The research addresses in chronological order a number of important benchmarks for the FAO and its intersection with other international bodies and frameworks, including the International Institute of Agriculture (Rome), League of Nations, The General Agreement on Trade and Tariffs (GATT), World Health Organization (WHO), and the 1948 Universal Declaration of Human Rights (UDHR).
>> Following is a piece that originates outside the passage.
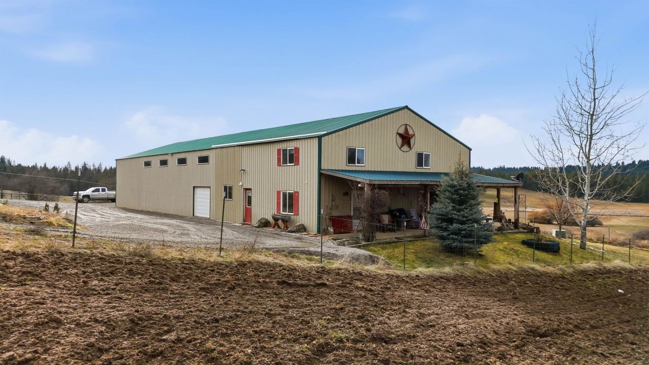Experience country living at its finest in this stunning barndominium-style home offering approx. 4,000 sq ft, 6 bedrooms, and 4 bathrooms. The spacious main-floor primary suite features a walk-in shower, while main-floor laundry adds everyday convenience. Inside, enjoy engineered real hardwood floors, granite countertops, and rustic wood doors and trim that bring warmth and character throughout. The impressive 48x40 shop with a 16x14 door is perfect for RVs, equipment, or hobbies. In the shop youll love the 30X20 workshop or hobby room. Step outside to a large covered patio, greenhouse, and 10 acres of rolling hills and sloping pastures ? all framed by breathtaking sunset views. A strong 7.5 GPM well completes this exceptional property, blending comfort, function, and wide-open space in ONE remarkable setting.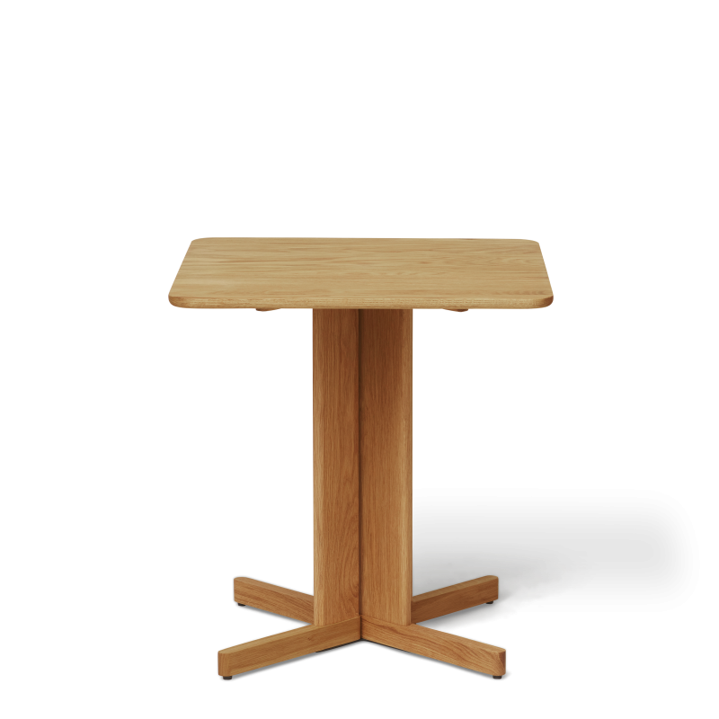 Ett fyrsidigt bord med visuell komplexitet Mittpunkten av fritt svävande massiva ekelement skapar en kontrast mellan lätthet och tyngd. De fyra benen ger fritt utrymme och stödjer bordets lätta uttryck och visuella komplexitet. Deras centrala läge säkerställer gott om plats för alla runt bordet. Quatrefoil-bordet är perfekt för både privata hem och hotell.

The analysis based on this research addresses the interplay between FAO and the development of international law; global food norms; international institutions; sovereign states and international stakeholders; and the start of international food law and policy frameworks, namely trade, nutrition, and food security. I am especially interested in whether FAO’s mandate and governance authorities position the agency to help meet the changing needs of an evolving global food system as hunger, dietary diseases, climate change, environmental degradation, and equity concerns confront all nations.
Background:
I am the founding Executive Director of the Resnick Center for Food Law and Policy at the University of California, Los Angeles (UCLA) School of Law and Professor from Practice. I have had the good fortune in helping lead the development of food law as a discipline in law schools in the United States, Europe, and Asia from the time that I taught the first food law and policy course in the United States in 2004. This development has been precipitated by a modern food movement that has set out to foster new norms for civil society and inspire consumer interest in food. I taught an international food law course at Cambridge University during a summer law program in 2006 and have since then vacillated between private practice, where I engaged in international food law, and academia where I have incorporated international law topics in books and articles. During this intellectual journey, I developed a passion for the international and domestic history of food law and covered aspects of this history in the treatise I authored on Food Law in the United States (Cambridge 2016) and in the casebook I co-edited on Food Law Cases and Materials (Wolters Kluwer 2019). It was during the writing of these books that I determined to research and write on the history of international food law and FAO, where I was a visiting scholar and consultant during 2008-09. I am now currently editing Research Handbook on International Food Law (Edward Elgar Publishing, forthcoming 2021) and following this publication will author, Elgar Companion to the Law and Practice of the Food and Agriculture Organisation (Edward Elgar Publishing, forthcoming 2022).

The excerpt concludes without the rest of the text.